Comment by Li Xi (Inactive) [ 13/Jan/14 ]

I've post a patch for this. However, it is not sure whether it fixes this problem, since we don't have a reliable way to reproduce this problem yet.
http://review.whamcloud.com/#/c/8772/

Comment by Zhenyu Xu [ 13/Jan/14 ]

Thank you LiXi, but the iwc48.lctl.log.txt shows in line 140770

00010000:00000001:0.0:1384651634.269628:0:105183:0:(ldlm_request.c:1760:ldlm_prepare_lru_list()) Process leaving (rc=0 : 0 : 0)

which shows that when we canceled the problematic lock, ldlm_prepare_lru_list() didn't find other lru locks, so I'd think your patch would possibly not affect this issue.

Comment by Li Xi (Inactive) [ 13/Jan/14 ]

Ah, thank you for pointing that out, Zhenyu. I was just wondering why we can call ldlm_lock_remove_from_lru_nolock() without calling lock_res_and_lock() first. Is there anything I missed?

Comment by Zhenyu Xu [ 13/Jan/14 ]

ldlm_prepare_lru_list() is to collect unused lock from namespace::ns_unused_list, where only unused locks are linked into it (please refer to ldlm_lock_decref_internal()->ldlm_lock_add_to_lru()), so in ldlm_prepare_lru_list() we can call ldlm_lock_remove_from_lru_nolock() w/o locking the res and lock since the lock has no readers nor writers referring to it.

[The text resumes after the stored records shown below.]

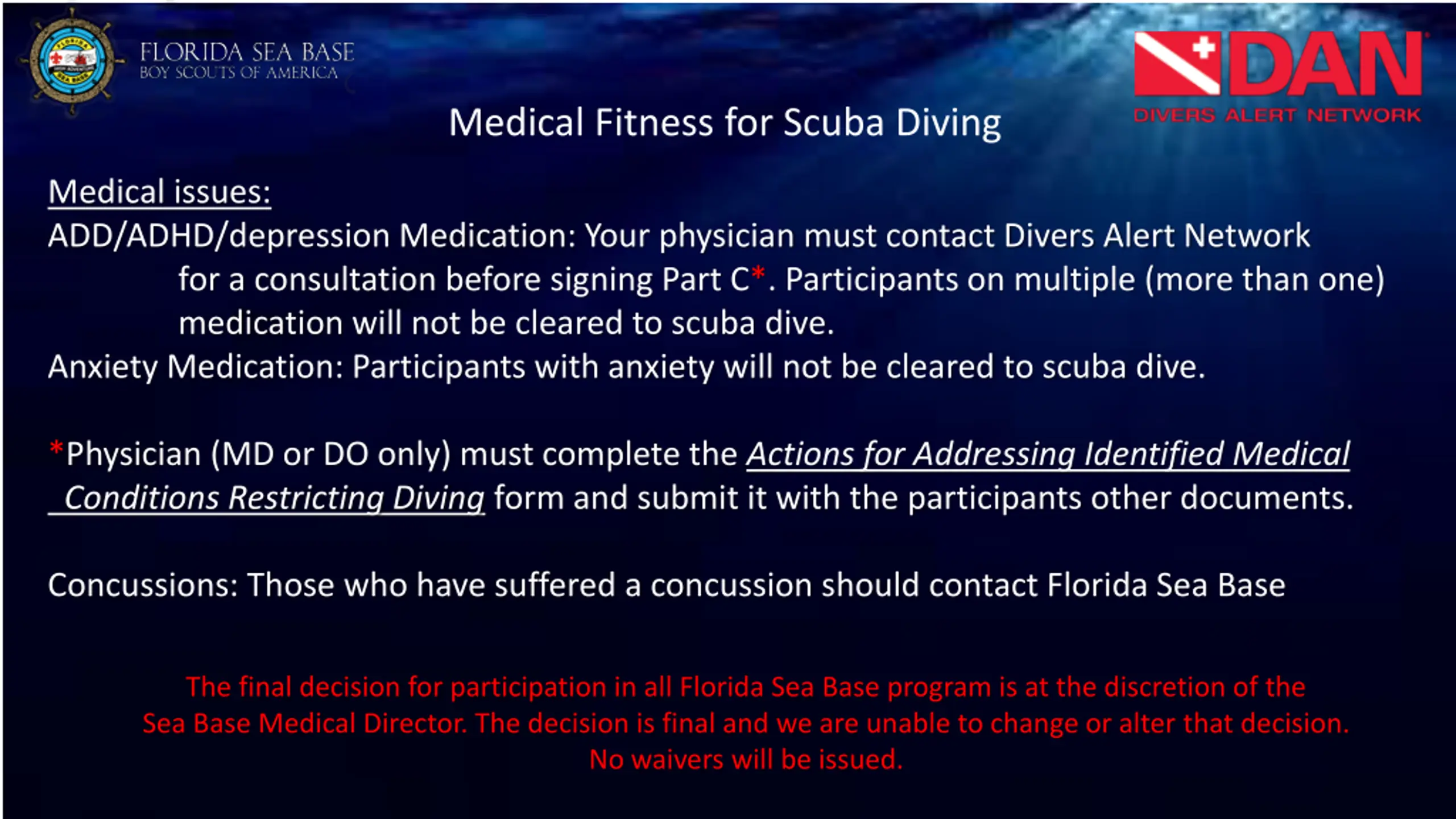 Medical Fitness for Scuba Diving Medical issues: ADD/ADHD/depression Medication: Your physician must contact Divers Alert Network for a consultation before signing Part C*. Participants on multiple (more than one) medication will not be cleared to scuba dive. Anxiety Medication: Participants with anxiety will not be cleared to scuba dive. *Physician (MD or DO only) must complete the Actions for Addressing Identified Medical Conditions Restricting Diving form and submit it with the participants other documents. Concussions: Those who have suffered a concussion should contact Florida Sea Base The final decision for participation in all Florida Sea Base program is at the discretion of the Sea Base Medical Director. The decision is final and we are unable to change or alter that decision. No waivers will be issued.
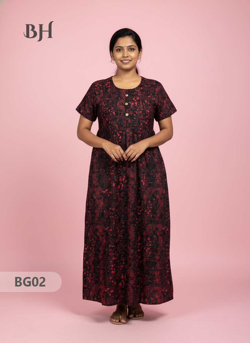 100% Cotton (Soft) Free Size → up to Bust 44" (2XL) Height (Dress Length): 53" Easy Care • Machine Washable
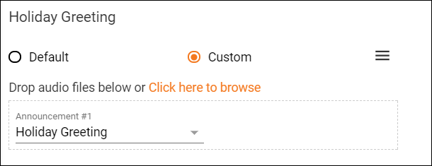 - Custom – Select custom to add a custom WAV/MP3 file for the Holiday Greeting
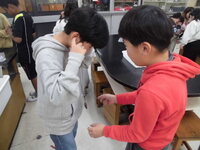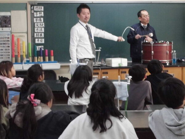 宇宙科学館より2名の指導主事が来校し、3年生対象に、理科の授業を実施しました。テーマは「音」です。音叉、真空ボックス、大太鼓、空き瓶等、色々な実験道具を使って、音の伝わる不思議を教えてくれました。
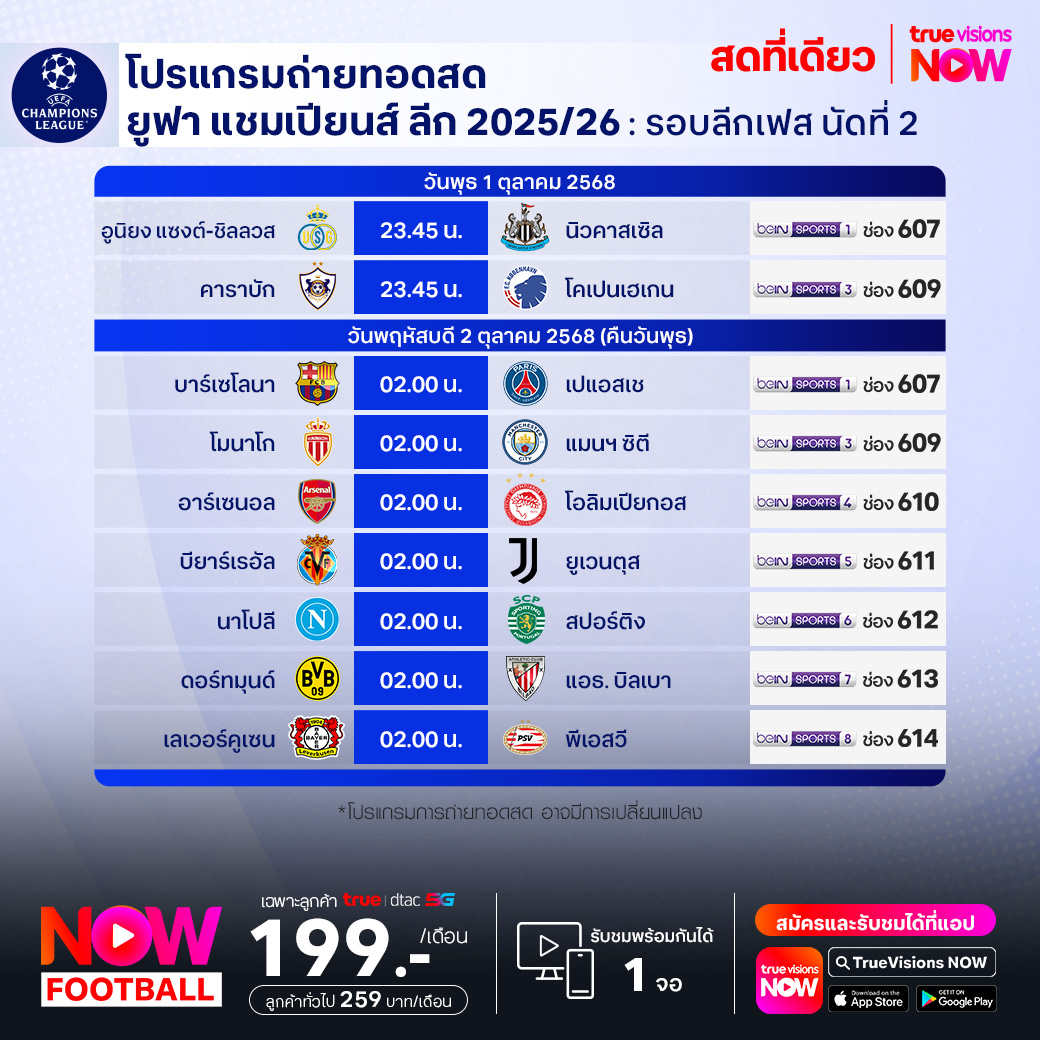 วันนี้มีอะไรดูที่ ทรูวิชั่นส์ ประจำวันพุธที่ 1 ตุลาคม 68 ยังคงมีกีฬาที่น่าสนใจให้ได้ตามลุ้นตามเชียร์กันเหมือนเดิม โดยในส่วนของฟุตบอลยังมีศึก ยูฟ่า แชมเปี้ยนส์ ลีก รอบ ลีก เฟส ให้ได้ตามเชียร์กันต่อ ส่วนกีฬาอื่นๆ ยังมีศึกเทนนิส เอทีพี ทัวร์ รายการ ไชน่า โอเพ่น และ เซี่ยงไฮ้ มาสเตอร์ส และเทนนิสหญิง ดับเบิ้ลยูทีเอ ทัวร์ รายการ ไชน่า โอเพ่น, กอล์ฟ แอลพีจีเอ ทัวร์ รายการ ล็อตเต้ แชมเปี้ยนชิพ และ เมเจอร์ ลีก เบสบอล โพสต์ซีซั่น ไวลด์การ์ด งานนี้ ทรูวิชั่นส์ จัดเต็มให้ชมกันถึงบ้าน
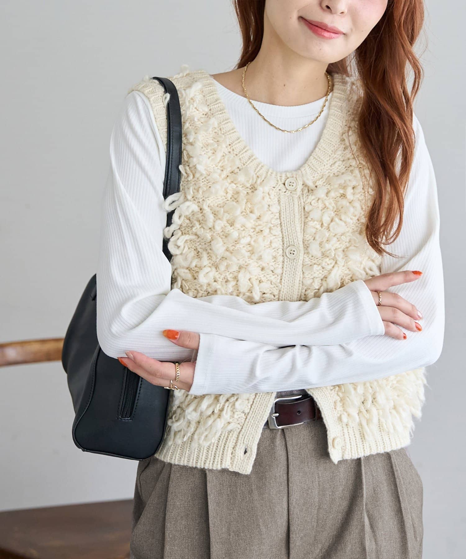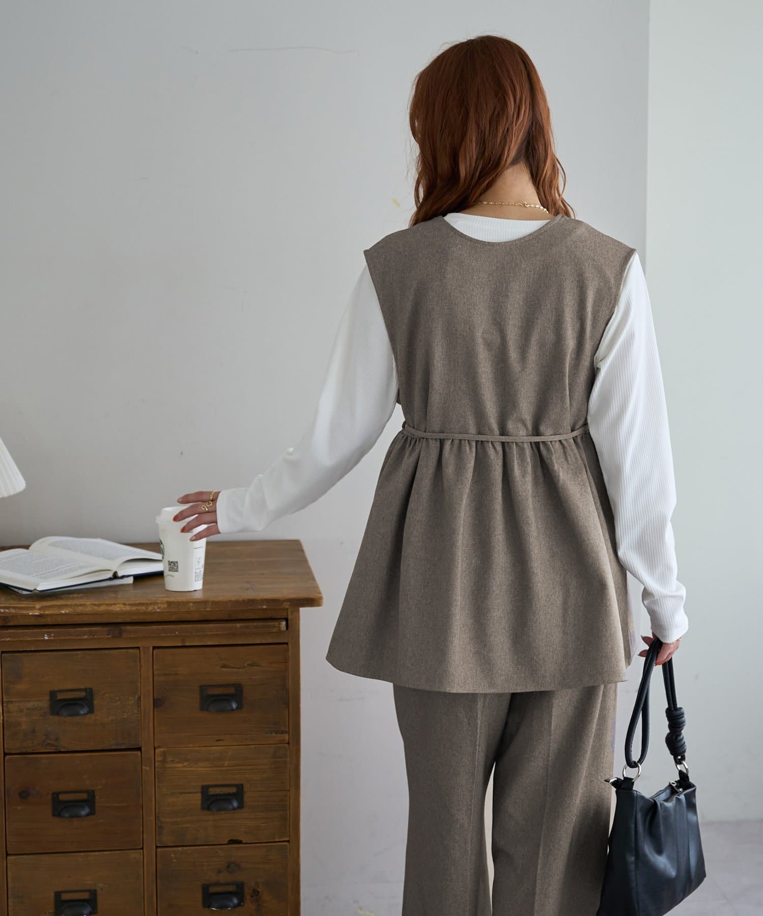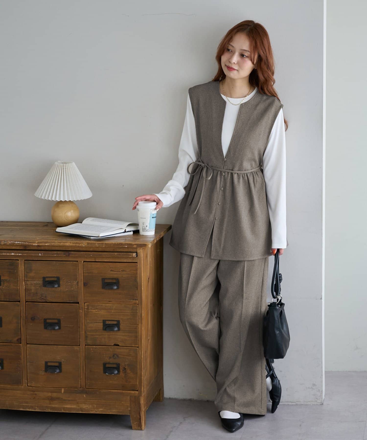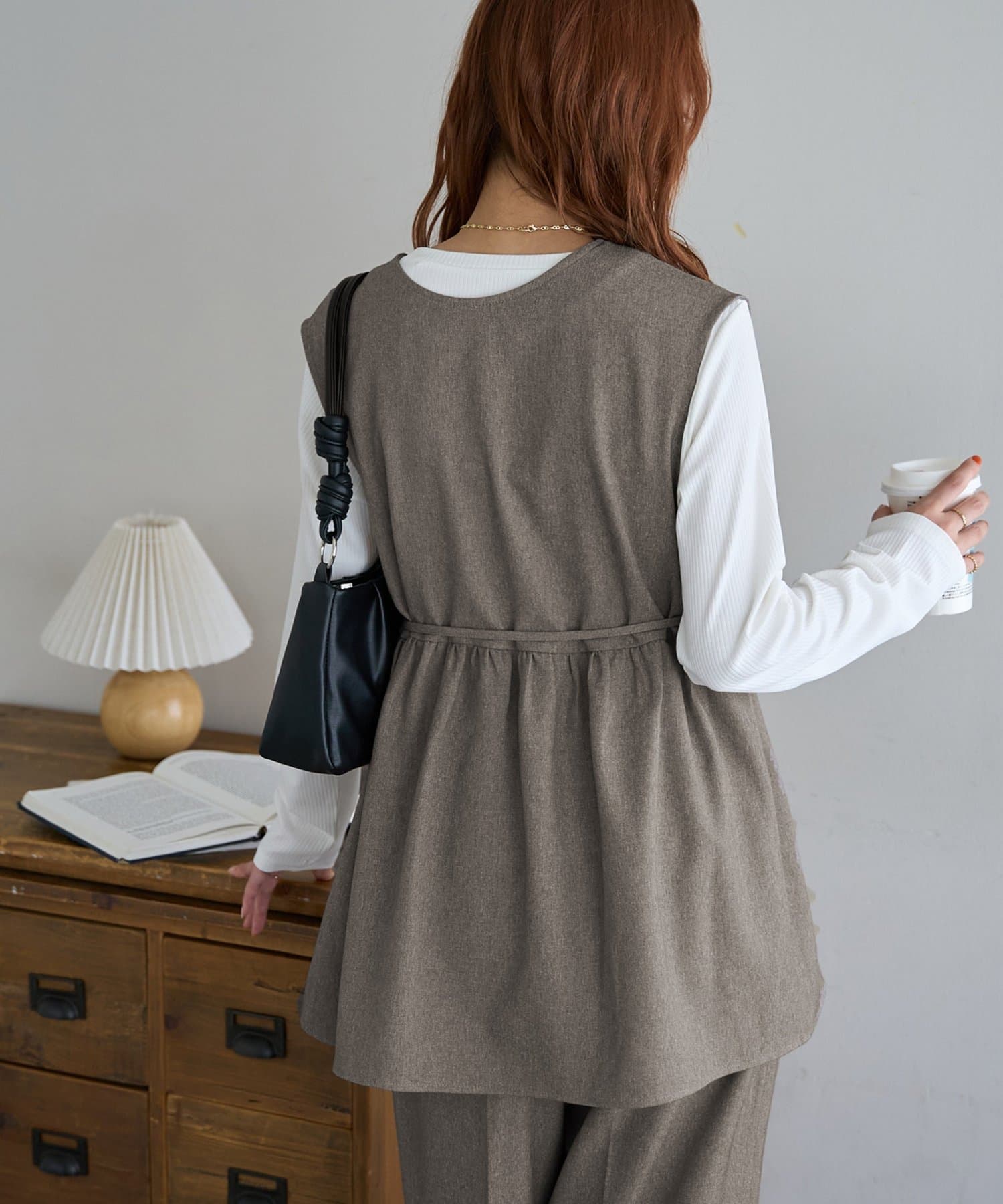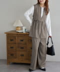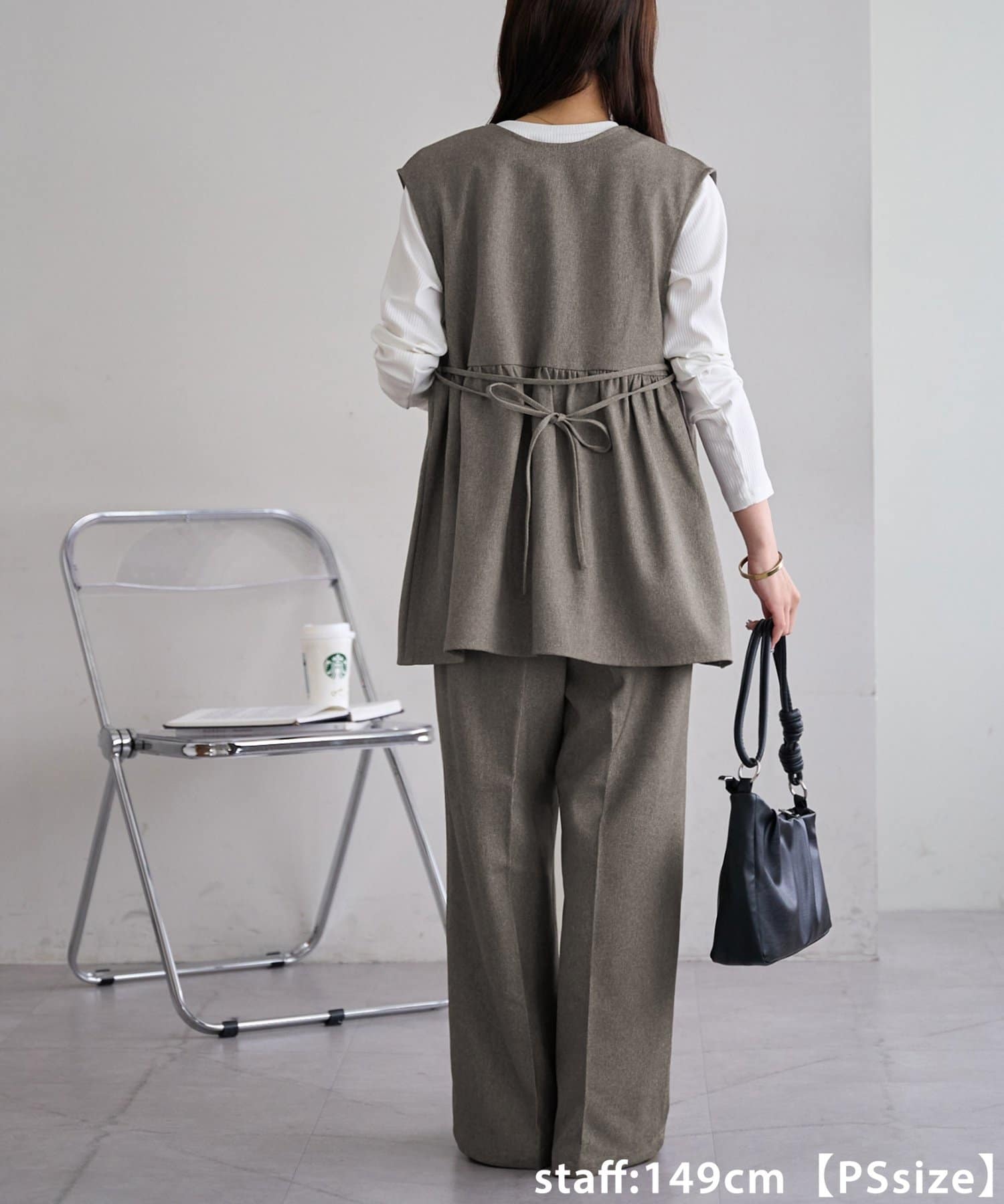 149cmスタッフ(PSサイズ着用):これ一つでコーデが完成するのが嬉しい!ジレは気になる腰周りを自然にカバーしてくて、体型問わず着やすいアイテムです。
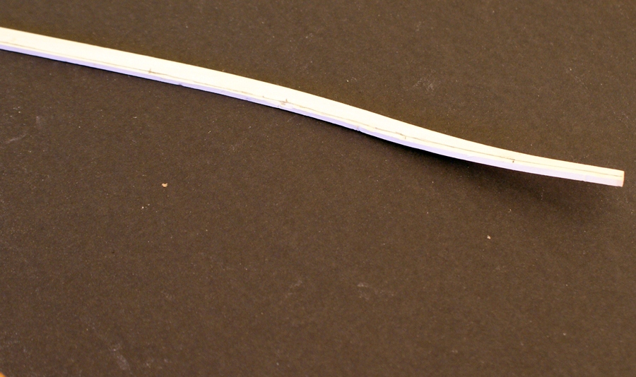 Tak wygląda listewka wygięta z zaznaczoną ołówkiem linią do szlifowania:
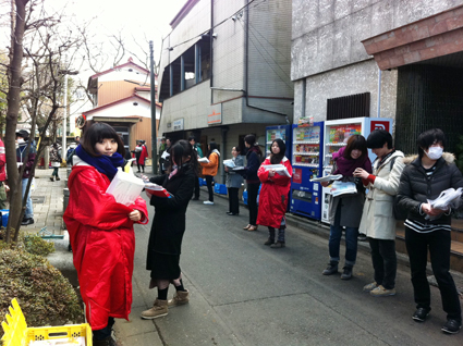 13 February 多摩美・武蔵美 試験 サイトウです。 京芸クラスは先日、模試も終わりました。 大阪教育大学・京都教育大学・京都工芸繊維大学…などなど、 国公立大 前期日程受験生は、入試直前ですね。 そんな中まさに今試験期間中なのが、(もう終わったとこもあるけど) 多摩美術大学 と 武蔵野美術大学! 2/10(金)、11(土)に応援&パンフレット配布に行ってきました。 多摩美術大学受験生が大多数通る橋本駅にて。 いろんな予備校や不動産の業者がパンフレット配布していました。 関東以外で配布に来ているのはaskだけ… ちょっと心細かった。しかし先頭で(!)配ってきました!!笑 受験生にも会えました。遠方の地で会えると、ことさらうれしくなります。 試験は難しかったようですが、 ずっと記憶に残るいい経験してきたんだろうなっていういい顔してました。 元気をもらえました。 こちらは武蔵野美術大学前。 一番右の3人は、今回の配布を手伝ってもらったask出身のタマビ・ムサビ大学生たち。 タマビのグラフィック、ムサビのデザイン情報、ムサビの空間デザイン在学中。 最近の課題の話など、生徒から生の情報を得られるのはいいもんです。 中でも、「いい経験してるなぁ~」と思ったのが、 舞台衣装をされてる先生のアシスタントバイトをして、いろんな舞台の裏側を見ているという空間デザイン学科生の話でした。 東京ならでは、学生ならではだなー!とわくわくしました。 もちろん、きらびやかなものではなく、厳しくしんどい話でもあるのですが。 それもまた、いいもの見ているなって思いました。 多摩・武蔵野… 案外倍率が低い学科もあるのです。 ■2012タマビの倍率 ■2011ムサビの倍率(2012はまだ出ていませんでした) 東京芸大へ受かった人がどばーっと抜けていって、 かなりの補欠合格者が出たりするのも現状。学科によるみたいですが。 (公開されている倍率より実質倍率が下回る場合があるということ) 関東は受験がまず激戦ムードなので、 生徒自身も意識が自然と高くなり、大学生になったあとも、 「東京芸大今どんな課題やってるんだろ?」とか 「卒展うちの大学の勝ちだな」とか自分で足を運んだりツテをつくったりして 情報収集するそう。えらいよなぁ… そして東京旅最後は、 気になっていたジャクソンポロック展へ。東京国立近代美術館へ。 価値なきところに価値を生み出す… 結果的に認められるかなんて分からない… そんな中で絵に向かう強さというか欲求というか、 そういうものを感じてまいりました。 今年もあとわずか、世界は広いし自分はちっぽけ。 隣の芝は青くも見える。けど、別にきっと青くはない。 青がいいのかもわからない。 おのおのがおのおののためにふんばっていきましょう。 <サイトウ> [0回] 2012/02/13 (Mon) 16:30 大学のこと Trackback() Comment(0)
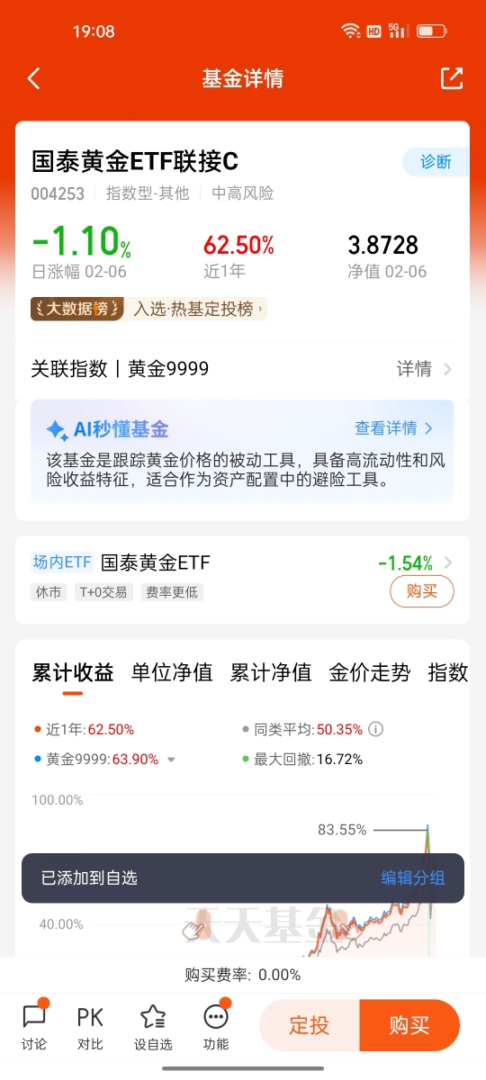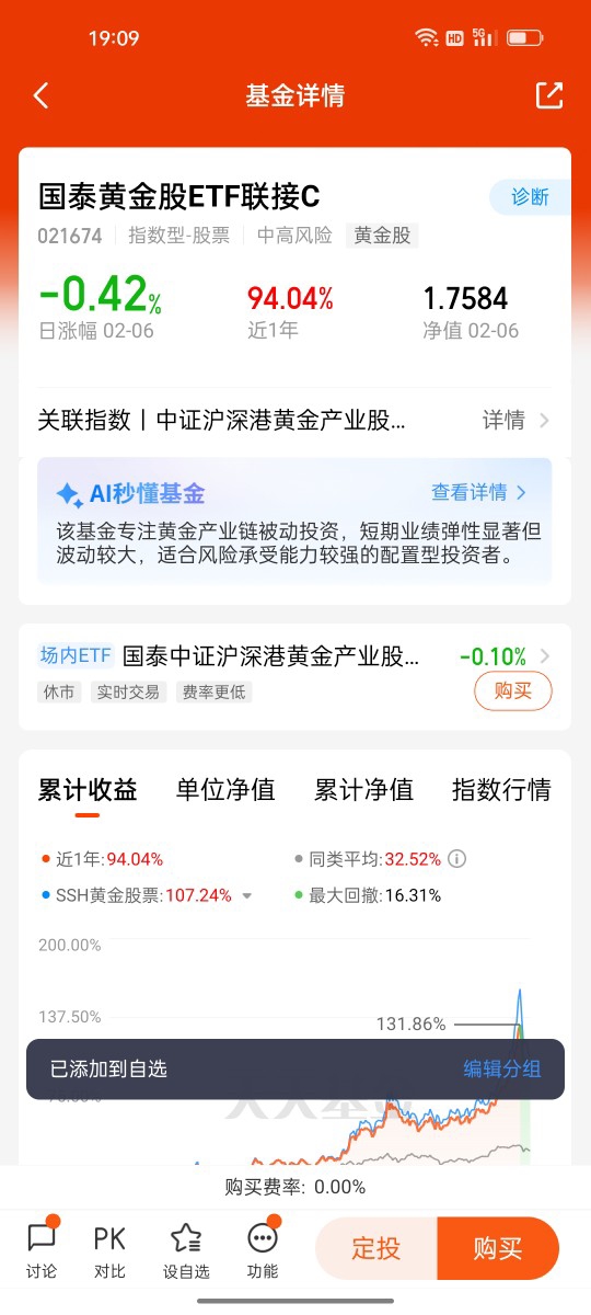 稳健型首选:$国泰黄金ETF联接C$ ——精准跟踪国内金价,资产配置的“压舱石”$国泰黄金ETF联接C$
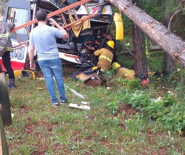 El siniestro vial ocurrió aproximadamente a las 11:30 horas de este jueves, en el kilómetro 1406 de la ruta 12 donde según los primeros datos obtenidos, un colectivo de media distancia que circulaba en sentido Iguazú-Posadas con 25 pasajeros, sufrió la explosión de un neumático, despistó al carril contrario, colisionó con un auto Fiat Qubo y terminó en la banquina impactando con árboles de pino.
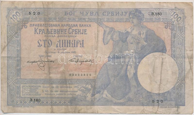 Kraus... https://www.darabanth.com/hu/337-Gyorsarveres/337.0/Numizmatika/Kulfoldi-bankjegyek~1500013/Szerbia-1905-100D-TIII-III--Serbia-1905-100-Dinara-CF-VG-Krause-12~II1892595

Comment by Li Xi (Inactive) [ 13/Jan/14 ]

Ah, thank you for the explaination! Now I understand.

Comment by Jinshan Xiong (Inactive) [ 14/Jan/14 ]

how often do you guys see this problem? If it's quite often, please apply Bobijam's patch and get some logs; otherwise, I'd like to drop the priority of this ticket.

Jinshan

Comment by Shuichi Ihara (Inactive) [ 14/Jan/14 ]

Jinshan, Bobijam,

Yes, we applied Bobijam's debug patch at the customer site, but didn't reproduce problem yet. I will post logs once we can hit same issue.

Comment by Shuichi Ihara (Inactive) [ 14/Jan/14 ]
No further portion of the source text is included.